---- Data to examine
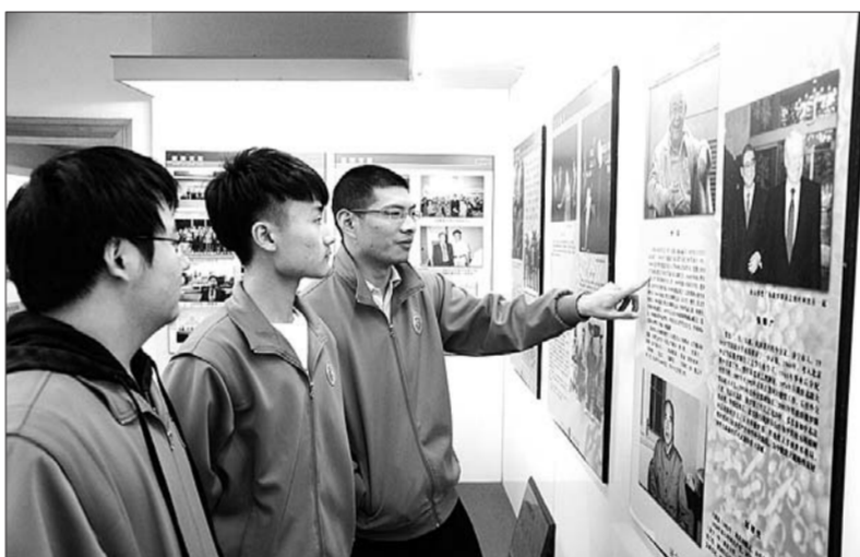
一起感受学校的历史。
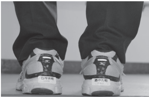
ステッカーシールを 貼った靴
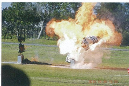
液化酸素燃焼試験
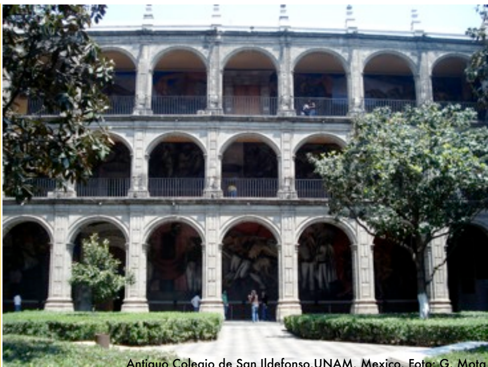
Antiguo Colegio de San Ildefonso.UNAM. Mexico.

“...implementar apropiadamente la multidisciplinaria y las capacidades multisectoriales que construyan herramientas y programas específicamente dirigidos a los actores locales del desarrollo...”
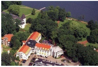
Hansens Haus am Meer
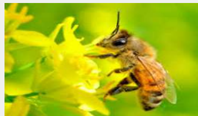
(꿀벌 이야기 및 꿀벌 관찰)
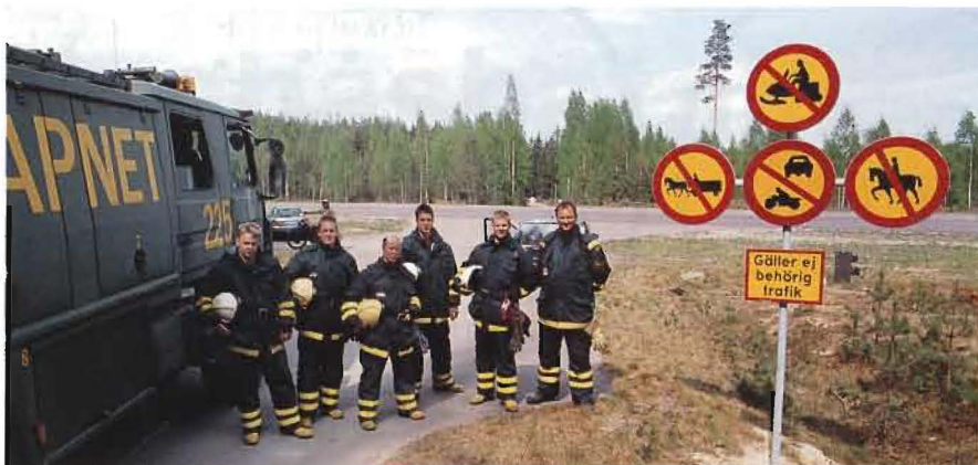
I Flygbasbataljon 04 ingår en egen räddningsstyrka
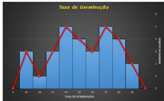
Figura 6: Tabela e Gráfico da Taxa de Germinação

Finalizando essa parte de construção e análise dos resultados, foi construído um gráfico da previsão que no caso foram os palpites que eles deram no início da atividade versus a quantidade real de sementes germinadas (Figura 7) cumprindo assim todos os objetivos proposto pela SE.
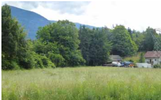
Auf diesem Areal in unmittelbarer Nähe zum Gewerbepark Lumbichl wäre Platz für eine anspruchsvolle Betriebsansiedlung

Wie wir im Vorfeld des Tourismusgesetzes 2011 schon vermutet haben, bringt die Umsetzung Probleme für den Tourismus. Die weithin sichtbaren Beweise dafür liefern leider die Mölltaler, die Spittaler und die Bad Kleinkirchheimer, wo es ordentlich kracht. Wir haben uns das in Seeboden erspart und mit der Einführung des kombinierten Bürger- und Gästeservice im Gemeindeamt die Strukturen erhalten. Damit können wir „überregionale Unzu-
--------
Problem description> Above are records; write out the lines from the one with "ステッカーシールを 貼った靴" down to the one with "Figura 6: Tabela", exactly, leaving the pictures out.

Worked solution>
ステッカーシールを 貼った靴
液化酸素燃焼試験
Antiguo Colegio de San Ildefonso.UNAM. Mexico.

“...implementar apropiadamente la multidisciplinaria y las capacidades multisectoriales que construyan herramientas y programas específicamente dirigidos a los actores locales del desarrollo...”
Hansens Haus am Meer
(꿀벌 이야기 및 꿀벌 관찰)
I Flygbasbataljon 04 ingår en egen räddningsstyrka
Figura 6: Tabela e Gráfico da Taxa de Germinação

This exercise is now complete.